A comprehensive study of sulfonated carbon materials as conductive composites for polymer solar cells

Abstract

Sulfonated carbon nanotubes (S-CNTs) and sulfonated graphene (S-Gra) with superior dispersibility were successfully prepared to modify poly(3,4-ethylenedioxythiophene):poly(styrenesulfonate) (PEDOT:PSS) for applications in polymer solar cells (PSCs). The synergetic effect between S-CNTs/S-Gra and PEDOT:PSS could remove excess insulating PSS chains leading to an obvious phase separation between the PEDOT and PSS chains, which allows the formation of more conductive PEDOT channels. The PEDOT:PSS (Clevios PH 4083):S-CNTs with well-matched work function, favorable morphology, optimized hydrophobicity and superior hole mobility is demonstrated to be an excellent hole transport layer (HTL) for PSCs.
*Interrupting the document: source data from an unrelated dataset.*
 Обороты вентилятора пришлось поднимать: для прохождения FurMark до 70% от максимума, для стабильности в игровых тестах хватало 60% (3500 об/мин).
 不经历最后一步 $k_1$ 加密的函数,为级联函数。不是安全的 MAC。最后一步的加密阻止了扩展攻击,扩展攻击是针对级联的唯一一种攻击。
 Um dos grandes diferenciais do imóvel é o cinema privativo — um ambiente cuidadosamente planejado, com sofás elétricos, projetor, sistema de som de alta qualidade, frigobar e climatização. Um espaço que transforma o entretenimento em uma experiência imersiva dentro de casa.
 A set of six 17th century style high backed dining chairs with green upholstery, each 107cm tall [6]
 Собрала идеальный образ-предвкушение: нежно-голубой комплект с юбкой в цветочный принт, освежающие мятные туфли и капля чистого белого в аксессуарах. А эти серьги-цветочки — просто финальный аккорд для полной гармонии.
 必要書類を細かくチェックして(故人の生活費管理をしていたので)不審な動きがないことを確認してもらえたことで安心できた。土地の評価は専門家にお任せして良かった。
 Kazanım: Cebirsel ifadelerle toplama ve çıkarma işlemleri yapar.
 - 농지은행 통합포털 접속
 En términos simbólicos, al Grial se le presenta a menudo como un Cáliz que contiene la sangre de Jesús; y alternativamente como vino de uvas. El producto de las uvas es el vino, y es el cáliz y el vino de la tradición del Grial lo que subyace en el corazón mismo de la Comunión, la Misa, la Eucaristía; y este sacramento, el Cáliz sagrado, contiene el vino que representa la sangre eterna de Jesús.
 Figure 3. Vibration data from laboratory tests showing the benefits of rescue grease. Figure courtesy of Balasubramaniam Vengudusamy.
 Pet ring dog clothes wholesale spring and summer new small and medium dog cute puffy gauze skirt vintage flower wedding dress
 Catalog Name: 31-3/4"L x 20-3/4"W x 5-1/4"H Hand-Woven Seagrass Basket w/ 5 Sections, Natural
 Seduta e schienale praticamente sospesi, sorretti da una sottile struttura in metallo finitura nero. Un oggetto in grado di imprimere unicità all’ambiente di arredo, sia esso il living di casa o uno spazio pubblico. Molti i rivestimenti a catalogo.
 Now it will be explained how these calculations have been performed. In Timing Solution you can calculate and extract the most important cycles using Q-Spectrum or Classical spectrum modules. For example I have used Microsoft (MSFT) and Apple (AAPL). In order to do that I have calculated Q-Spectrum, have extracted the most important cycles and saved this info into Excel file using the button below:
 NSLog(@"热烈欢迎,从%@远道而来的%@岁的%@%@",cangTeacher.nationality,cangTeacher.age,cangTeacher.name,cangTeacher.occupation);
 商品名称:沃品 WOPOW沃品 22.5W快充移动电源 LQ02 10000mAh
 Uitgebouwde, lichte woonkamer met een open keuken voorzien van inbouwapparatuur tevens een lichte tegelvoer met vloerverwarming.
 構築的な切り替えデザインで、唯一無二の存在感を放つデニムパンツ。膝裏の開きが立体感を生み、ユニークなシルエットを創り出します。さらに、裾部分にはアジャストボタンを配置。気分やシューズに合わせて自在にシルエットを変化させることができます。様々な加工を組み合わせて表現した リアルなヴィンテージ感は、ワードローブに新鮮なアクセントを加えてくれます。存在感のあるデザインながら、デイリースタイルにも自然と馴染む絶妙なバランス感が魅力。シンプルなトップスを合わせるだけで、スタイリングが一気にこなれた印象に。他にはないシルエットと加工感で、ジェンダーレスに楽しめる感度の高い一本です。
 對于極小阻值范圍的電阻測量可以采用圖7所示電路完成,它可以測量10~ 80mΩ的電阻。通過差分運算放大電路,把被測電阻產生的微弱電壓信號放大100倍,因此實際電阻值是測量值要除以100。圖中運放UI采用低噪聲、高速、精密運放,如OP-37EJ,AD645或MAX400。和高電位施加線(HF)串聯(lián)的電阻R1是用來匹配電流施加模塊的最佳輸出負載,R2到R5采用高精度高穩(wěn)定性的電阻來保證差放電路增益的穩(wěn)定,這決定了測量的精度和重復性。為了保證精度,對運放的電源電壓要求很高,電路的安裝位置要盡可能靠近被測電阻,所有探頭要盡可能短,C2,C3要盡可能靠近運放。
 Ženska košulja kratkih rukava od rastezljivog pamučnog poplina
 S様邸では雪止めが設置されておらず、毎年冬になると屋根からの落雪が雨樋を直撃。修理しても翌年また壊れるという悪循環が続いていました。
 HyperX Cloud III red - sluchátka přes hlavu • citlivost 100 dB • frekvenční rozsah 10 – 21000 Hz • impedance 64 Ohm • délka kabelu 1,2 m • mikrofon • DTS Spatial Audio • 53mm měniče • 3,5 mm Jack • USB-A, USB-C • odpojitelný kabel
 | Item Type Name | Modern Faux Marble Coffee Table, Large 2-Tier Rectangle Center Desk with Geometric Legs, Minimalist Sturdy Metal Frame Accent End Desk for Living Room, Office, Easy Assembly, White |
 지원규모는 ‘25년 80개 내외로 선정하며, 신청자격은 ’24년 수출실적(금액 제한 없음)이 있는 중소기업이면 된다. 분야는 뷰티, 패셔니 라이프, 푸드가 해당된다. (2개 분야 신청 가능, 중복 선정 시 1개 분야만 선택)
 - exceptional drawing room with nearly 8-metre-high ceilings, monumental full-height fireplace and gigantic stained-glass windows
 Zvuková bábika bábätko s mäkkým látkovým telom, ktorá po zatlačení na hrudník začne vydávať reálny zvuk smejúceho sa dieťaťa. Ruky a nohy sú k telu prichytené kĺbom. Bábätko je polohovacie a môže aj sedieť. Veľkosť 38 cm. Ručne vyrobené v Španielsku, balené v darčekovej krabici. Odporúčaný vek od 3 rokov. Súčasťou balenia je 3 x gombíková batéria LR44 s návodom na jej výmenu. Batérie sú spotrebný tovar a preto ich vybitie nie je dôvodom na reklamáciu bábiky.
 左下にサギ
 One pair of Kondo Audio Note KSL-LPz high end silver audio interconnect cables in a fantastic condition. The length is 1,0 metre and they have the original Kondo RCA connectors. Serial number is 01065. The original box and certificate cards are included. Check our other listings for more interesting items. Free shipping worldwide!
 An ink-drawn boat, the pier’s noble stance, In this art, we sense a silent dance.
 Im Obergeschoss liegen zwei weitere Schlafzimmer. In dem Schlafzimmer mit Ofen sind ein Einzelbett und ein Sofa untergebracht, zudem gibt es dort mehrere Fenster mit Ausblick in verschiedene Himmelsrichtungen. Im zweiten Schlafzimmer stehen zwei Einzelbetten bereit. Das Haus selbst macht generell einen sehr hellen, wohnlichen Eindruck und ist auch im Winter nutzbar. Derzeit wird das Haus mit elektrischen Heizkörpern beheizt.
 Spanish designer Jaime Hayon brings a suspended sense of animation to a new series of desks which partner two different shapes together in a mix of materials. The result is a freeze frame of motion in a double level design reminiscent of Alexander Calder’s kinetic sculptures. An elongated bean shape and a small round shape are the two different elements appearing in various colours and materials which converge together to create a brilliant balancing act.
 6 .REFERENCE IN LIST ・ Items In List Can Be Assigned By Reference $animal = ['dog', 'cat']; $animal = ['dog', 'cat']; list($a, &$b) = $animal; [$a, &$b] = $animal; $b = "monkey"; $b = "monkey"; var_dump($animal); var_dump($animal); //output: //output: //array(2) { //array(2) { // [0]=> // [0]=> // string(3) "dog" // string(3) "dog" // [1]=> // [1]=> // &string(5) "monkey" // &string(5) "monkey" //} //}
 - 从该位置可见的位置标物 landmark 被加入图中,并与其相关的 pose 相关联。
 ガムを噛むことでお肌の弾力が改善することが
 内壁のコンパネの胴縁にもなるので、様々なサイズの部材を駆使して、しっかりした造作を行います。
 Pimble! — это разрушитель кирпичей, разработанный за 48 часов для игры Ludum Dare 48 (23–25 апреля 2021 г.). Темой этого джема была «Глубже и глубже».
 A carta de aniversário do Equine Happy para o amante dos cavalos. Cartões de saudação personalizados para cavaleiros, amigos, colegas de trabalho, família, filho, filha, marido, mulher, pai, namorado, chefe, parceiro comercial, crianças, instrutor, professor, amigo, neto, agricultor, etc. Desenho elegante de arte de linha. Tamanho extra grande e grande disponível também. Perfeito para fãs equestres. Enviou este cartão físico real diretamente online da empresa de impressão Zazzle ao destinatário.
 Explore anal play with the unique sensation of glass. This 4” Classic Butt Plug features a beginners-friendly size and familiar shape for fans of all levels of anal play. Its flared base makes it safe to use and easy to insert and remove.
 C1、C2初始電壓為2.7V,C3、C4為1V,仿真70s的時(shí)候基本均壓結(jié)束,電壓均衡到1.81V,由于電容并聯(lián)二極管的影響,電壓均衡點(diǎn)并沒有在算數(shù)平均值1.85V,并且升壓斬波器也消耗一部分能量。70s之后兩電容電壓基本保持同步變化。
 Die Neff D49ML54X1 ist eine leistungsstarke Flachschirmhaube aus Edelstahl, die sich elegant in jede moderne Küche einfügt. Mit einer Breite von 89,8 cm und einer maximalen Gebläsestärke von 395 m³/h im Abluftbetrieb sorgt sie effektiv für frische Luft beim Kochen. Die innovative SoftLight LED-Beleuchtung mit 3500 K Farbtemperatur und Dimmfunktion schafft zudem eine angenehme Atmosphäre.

However, the PEDOT:PSS (Clevios PH 4083) modified by sulfonated graphene with stacked and wrinkled lamellae as an HTL renders a rough morphology and has a negative impact on the morphology of the active layer, consequently resulting in a poor device performance. Excitingly, PEDOT:PSS (Clevios PH 1000) modified with S-Gra shows high conductivity, because the sulfonated graphene lamellae contribute to the connection between the insulator and conductive PEDOT islands and improves the charge conduction. The PH1000:S-Gra with multiple layers presents excellent electrical conductive properties and a high transmittance (sheet resistance of ∼45 Ω sq⁻¹ and transmittance of ∼85.5% at 550 nm), which possess great potential for its application as a transparent conductive and flexible electrode in organic electronics.